Extracted entries:
▬▬▬▬▬▬

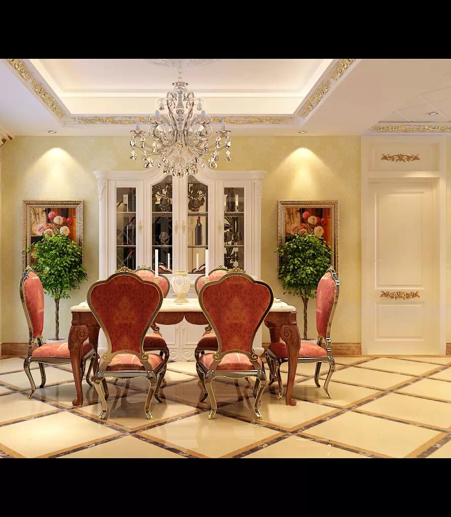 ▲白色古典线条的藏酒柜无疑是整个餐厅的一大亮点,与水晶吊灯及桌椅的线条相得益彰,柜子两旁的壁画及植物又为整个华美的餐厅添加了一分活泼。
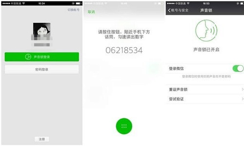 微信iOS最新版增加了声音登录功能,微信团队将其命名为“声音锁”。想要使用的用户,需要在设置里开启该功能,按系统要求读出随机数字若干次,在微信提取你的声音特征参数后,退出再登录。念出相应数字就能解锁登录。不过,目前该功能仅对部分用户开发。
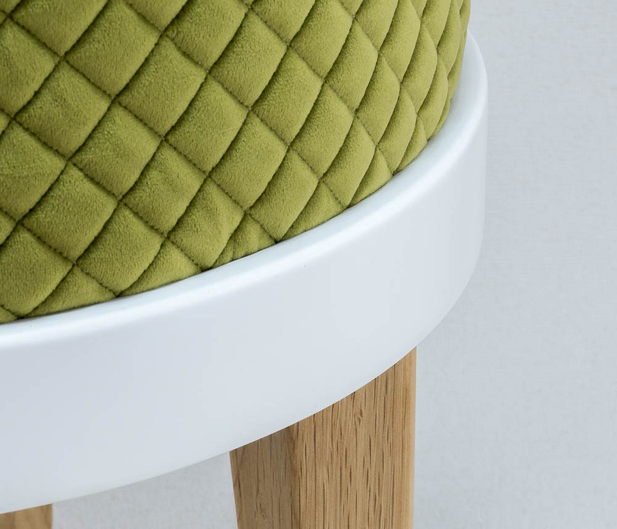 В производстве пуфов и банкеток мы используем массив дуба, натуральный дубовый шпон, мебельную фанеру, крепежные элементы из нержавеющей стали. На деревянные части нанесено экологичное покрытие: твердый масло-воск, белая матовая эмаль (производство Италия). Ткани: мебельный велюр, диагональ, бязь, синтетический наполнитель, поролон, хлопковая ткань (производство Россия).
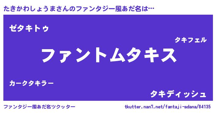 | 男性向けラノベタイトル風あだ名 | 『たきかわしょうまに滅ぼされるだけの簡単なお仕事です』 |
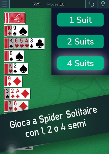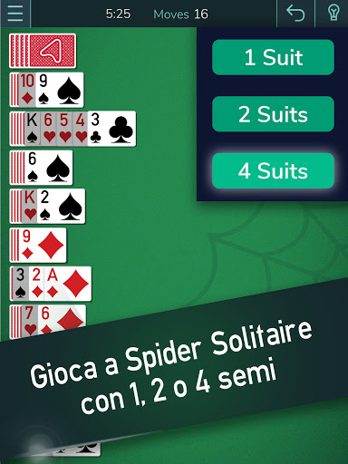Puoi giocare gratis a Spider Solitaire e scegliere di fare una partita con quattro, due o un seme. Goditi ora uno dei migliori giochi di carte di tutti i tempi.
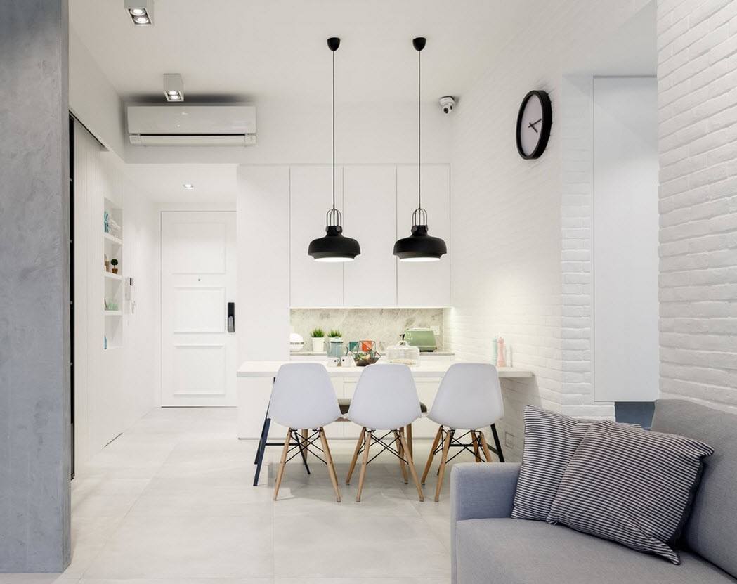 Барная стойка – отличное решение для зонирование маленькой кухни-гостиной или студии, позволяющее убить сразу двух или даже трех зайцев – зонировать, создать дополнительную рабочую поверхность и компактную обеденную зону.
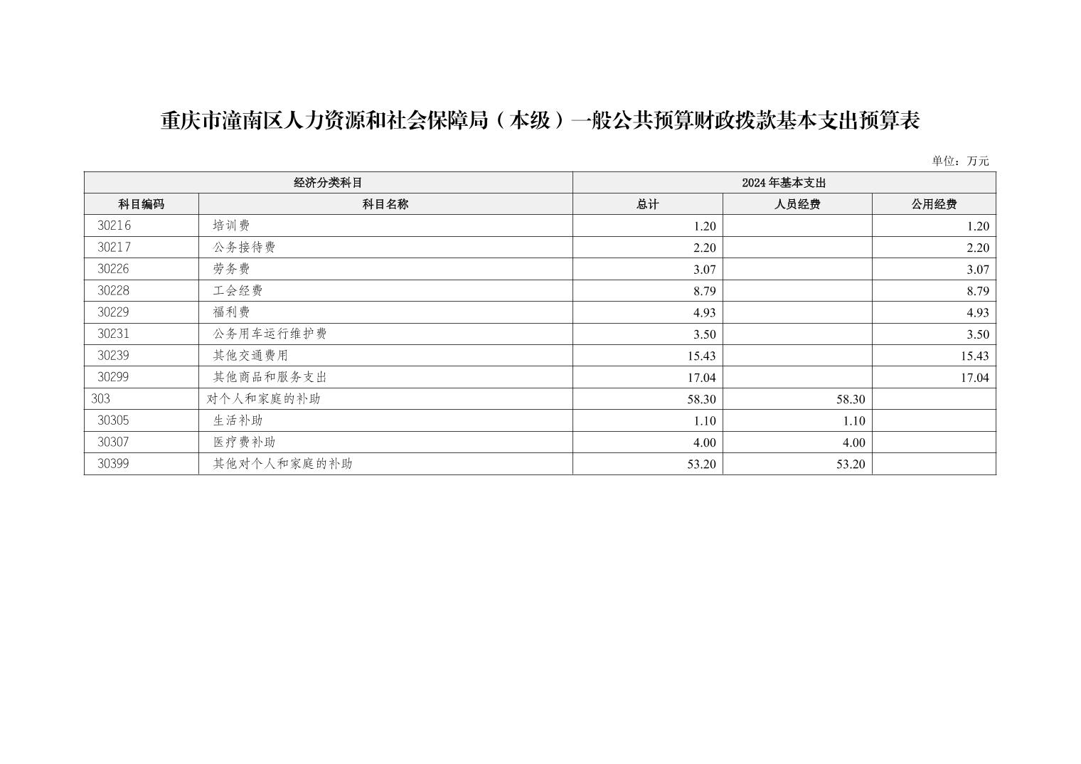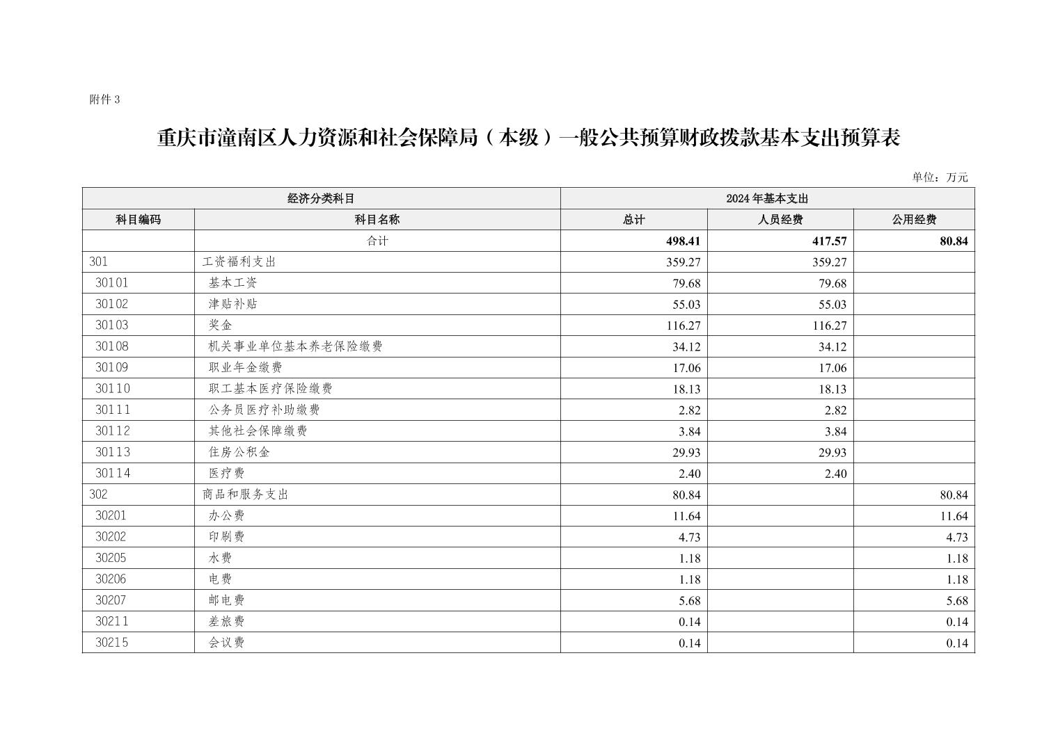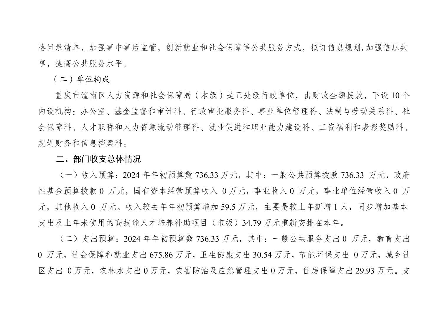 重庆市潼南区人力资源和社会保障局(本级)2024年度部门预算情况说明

▬▬▬▬▬▬

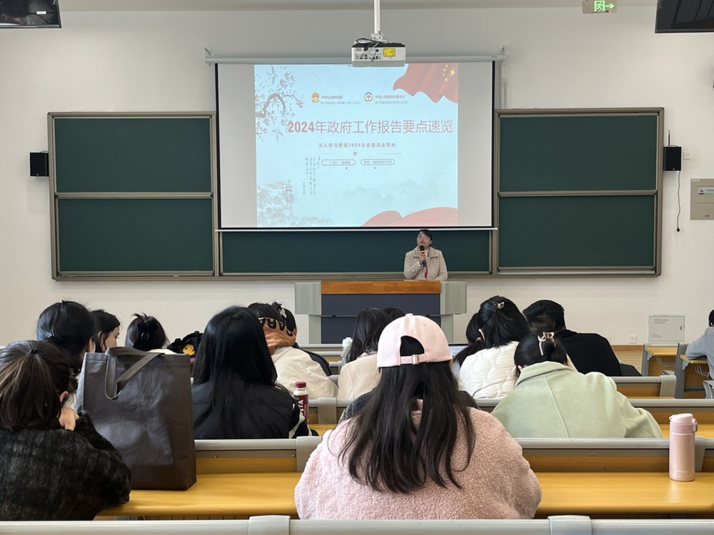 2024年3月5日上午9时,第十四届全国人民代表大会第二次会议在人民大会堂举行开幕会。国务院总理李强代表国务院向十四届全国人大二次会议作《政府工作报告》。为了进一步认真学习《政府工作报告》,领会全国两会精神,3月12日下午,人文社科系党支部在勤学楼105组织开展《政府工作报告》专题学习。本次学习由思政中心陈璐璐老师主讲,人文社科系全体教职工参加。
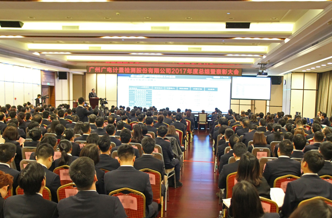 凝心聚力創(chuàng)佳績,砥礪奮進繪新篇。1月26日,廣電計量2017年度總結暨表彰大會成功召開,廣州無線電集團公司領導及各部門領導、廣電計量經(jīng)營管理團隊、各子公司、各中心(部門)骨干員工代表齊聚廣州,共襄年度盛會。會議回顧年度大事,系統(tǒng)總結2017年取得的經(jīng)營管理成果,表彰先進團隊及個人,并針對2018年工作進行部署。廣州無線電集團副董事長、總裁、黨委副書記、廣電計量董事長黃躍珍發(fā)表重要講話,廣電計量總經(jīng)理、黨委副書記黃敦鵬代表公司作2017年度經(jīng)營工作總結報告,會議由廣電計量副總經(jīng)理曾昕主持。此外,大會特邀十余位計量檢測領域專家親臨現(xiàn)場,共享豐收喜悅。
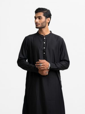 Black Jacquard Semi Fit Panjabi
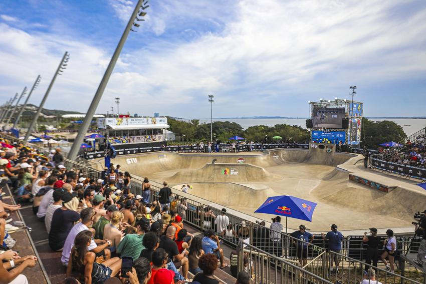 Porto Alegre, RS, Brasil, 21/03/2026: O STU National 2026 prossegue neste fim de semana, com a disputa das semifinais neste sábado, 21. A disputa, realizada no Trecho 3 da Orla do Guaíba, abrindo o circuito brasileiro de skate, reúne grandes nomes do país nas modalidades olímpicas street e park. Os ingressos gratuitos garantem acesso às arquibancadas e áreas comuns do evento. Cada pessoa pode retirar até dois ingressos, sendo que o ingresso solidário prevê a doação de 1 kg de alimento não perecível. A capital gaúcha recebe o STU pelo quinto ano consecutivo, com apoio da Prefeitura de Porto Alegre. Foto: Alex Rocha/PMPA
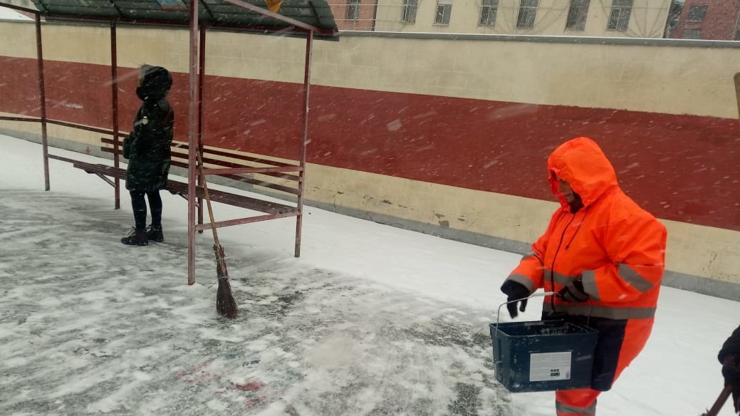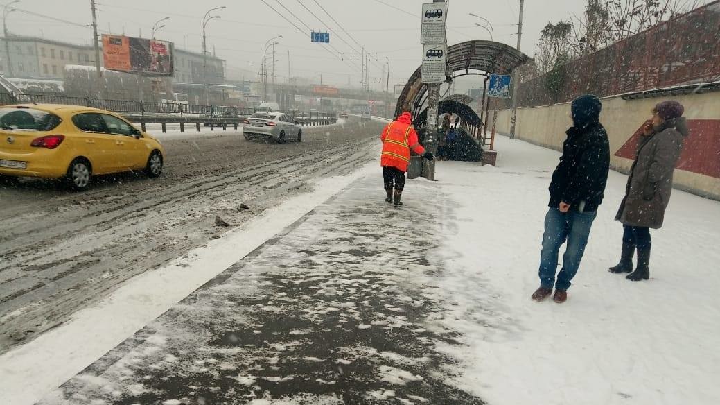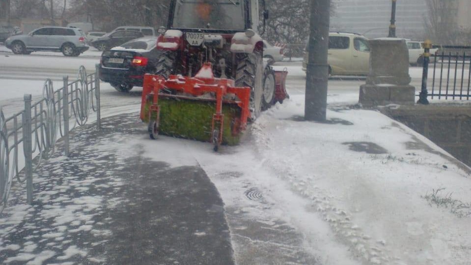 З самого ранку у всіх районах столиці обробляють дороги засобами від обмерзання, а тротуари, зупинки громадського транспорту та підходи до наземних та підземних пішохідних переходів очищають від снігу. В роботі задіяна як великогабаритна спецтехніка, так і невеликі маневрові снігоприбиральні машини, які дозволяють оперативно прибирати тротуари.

▬▬▬▬▬▬

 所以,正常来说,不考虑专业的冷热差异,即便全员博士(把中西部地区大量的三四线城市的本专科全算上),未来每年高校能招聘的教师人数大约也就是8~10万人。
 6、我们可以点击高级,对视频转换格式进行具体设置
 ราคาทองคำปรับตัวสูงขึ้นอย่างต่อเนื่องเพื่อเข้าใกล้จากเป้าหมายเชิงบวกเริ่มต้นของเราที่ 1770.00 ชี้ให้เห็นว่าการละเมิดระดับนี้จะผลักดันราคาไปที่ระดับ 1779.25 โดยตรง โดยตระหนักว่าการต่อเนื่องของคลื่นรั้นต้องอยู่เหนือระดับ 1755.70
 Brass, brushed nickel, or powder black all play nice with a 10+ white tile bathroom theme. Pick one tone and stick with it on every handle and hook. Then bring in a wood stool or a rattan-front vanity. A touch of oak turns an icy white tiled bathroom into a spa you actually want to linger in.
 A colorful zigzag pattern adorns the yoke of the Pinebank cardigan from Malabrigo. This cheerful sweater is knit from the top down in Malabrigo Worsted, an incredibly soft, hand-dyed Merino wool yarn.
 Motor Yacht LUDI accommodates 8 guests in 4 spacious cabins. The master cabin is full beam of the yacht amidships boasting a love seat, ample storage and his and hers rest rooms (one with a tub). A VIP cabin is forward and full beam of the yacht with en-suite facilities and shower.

▬▬▬▬▬▬

Prompt: Look through the entries above. Copy each line in which the string "with" occurs.

Exercise output:
 Brass, brushed nickel, or powder black all play nice with a 10+ white tile bathroom theme. Pick one tone and stick with it on every handle and hook. Then bring in a wood stool or a rattan-front vanity. A touch of oak turns an icy white tiled bathroom into a spa you actually want to linger in.
 Motor Yacht LUDI accommodates 8 guests in 4 spacious cabins. The master cabin is full beam of the yacht amidships boasting a love seat, ample storage and his and hers rest rooms (one with a tub). A VIP cabin is forward and full beam of the yacht with en-suite facilities and shower.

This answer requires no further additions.